Чем-то я его, видно, слегка задел, выбил из колеи. Уладится, конечно; однако, снимая облачение и вешая его в шкаф, я прикидываю, в чем дело, и наконец понимаю, что его смутила шутка насчет Ватикана. Набожным размышлением — то есть поворачивая новую идею в голове так и эдак, пока к ней не притерпелся, — он насилу-то воспринял резоны единения церквей. А тут я, на тебе, обижаю дружественное исповедание. Я покачиваю головой, усмехаюсь и нечаянно вижу свое отражение в стекле обрамленной фотографии Женевского озера. Как всегда, чудно́ видеть на своем лице бороду. Я вспоминаю молодого чужака в дверях, его тревожащую странность, его неприятную инородность. Такое же чувство, должно быть, испытывали мои прихожане, когда я вернулся бородатым с летнего семинара в Сан-Франциско. Тот же мистер Груй, бедняга рутинер, консерватор. (Я гляжу, как он раскуривает трубку, вытянув губы, словно младенец к соску.) Доктор Груй издавна отвечал, как он выражается, за внешнее благосостояние нашей церкви — со времен моего предшественника, сребровласого и торжественного старца, который шепелявил, а вернее, присвистывал, так что «Иисус» звучал у него птичьей трелью. Доктор Груй был обижен, говоря его словами, «глубоко задет», когда я в какой-то проповеди впервые заметил, что благоустройство церквей в сороковых-пятидесятых было непростительной богословской ошибкой, за которую нам придется расплачиваться до конца столетия. Я дал ему кьеркегоровское «Наступление на христианство»; он не только прочел его сам, но и разбирал в своем воскресном классе. Я ему дал Тиллиха, письма Бонхёффера и книги о церковном построении града невидимого. И постепенно он все-таки понял, что праведность важнее, чем приемная, застланная винно-красными коврами. Доктор Груй был при этом уязвлен, потрясен, донельзя пристыжен. И однажды вечером даже навестил мое пастырское обиталище. Ровно два года назад он предстал передо мною в сумерках, нелепо застегивая и расстегивая пальто, туманно поглядывая сквозь толстые линзы на крылечные перильца, на коврик, издававший «Хэлло!», на груду сырого топлива для камина — отпилки со шпалопропиточной фабрики. Я тогда был с ним едва знаком — я еще и месяца не прожил в Карбондейле, — хотя помнил, что он из числа моих церковных старост.

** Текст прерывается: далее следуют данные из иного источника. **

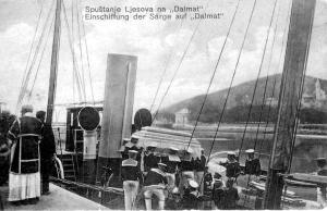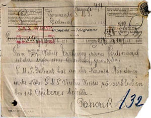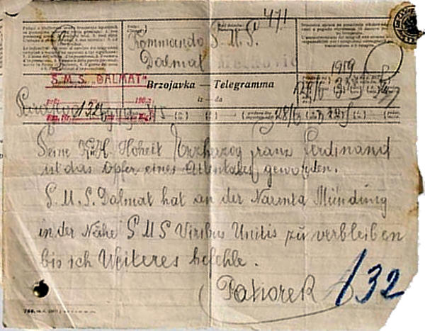 Original brzojava kojim glavni i vojni inspektor Potiorek 28. lipnja 1914. javlja na Dalmat da je “Njegovo Carsko i Kraljevsko Veličanstvo Nadvojvoda Franjo Ferdinand pao kao žrtva atentata“ i naređuje da „brod Dalmat čeka na ušću Neretve uz Viribus Unitis sve dok ja ne dam daljnje upute“. U jednom od sljedećih brzojava Potiorek javlja “Poseban vlak s tijelima stiže sutra, 30. lipnja u šest ujutro u Metković kade će tijela biti odmah prebačena na Dalmat koji će ih odvesti na Viribus Unitis.“ Nadalje Potiorek traži da na Viribus Unitusu bude spreman torpedni čamac za prijevoz prtljage i posluge. Nakon isplovljavanja bojnoga broda traži da Dalmat otplovi u luku Gruž.
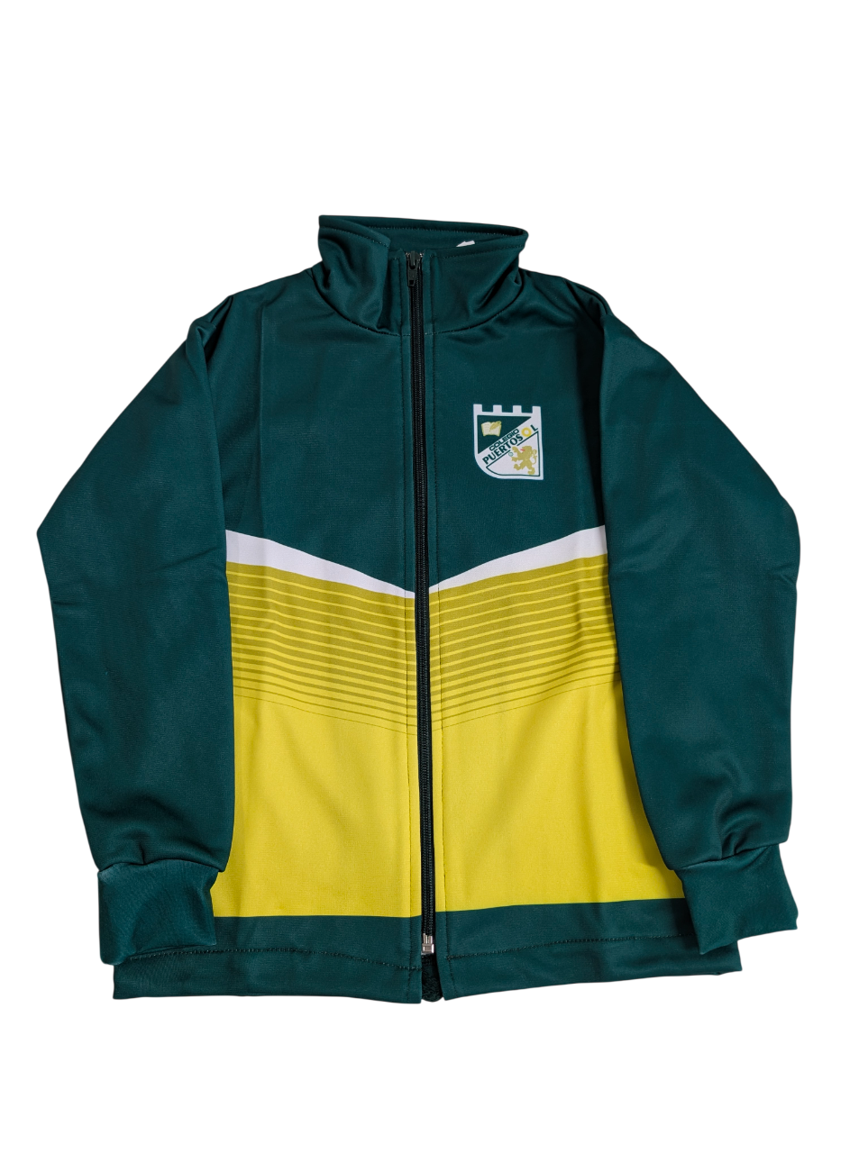 Chaqueta de chándal verde con escudo.

— Добрый вечер, — сказал я, протянув руку.

— Ох, извините, — сказал он. — Добрый вечер! — Он смотрел на древесную груду. — Я и не знал, — сказал он, — что вы еще не устроились. Я просто…

— Заходите, — сказал я. — Да заходите же.

Сумерки пахли горелыми листьями.

— Я доктор Груй, — сказал он.

— Конечно, конечно. Я вас узнал. Дьякон Груй. — Я улыбнулся, крепче сжал его руку, а левой прихватил под локоть.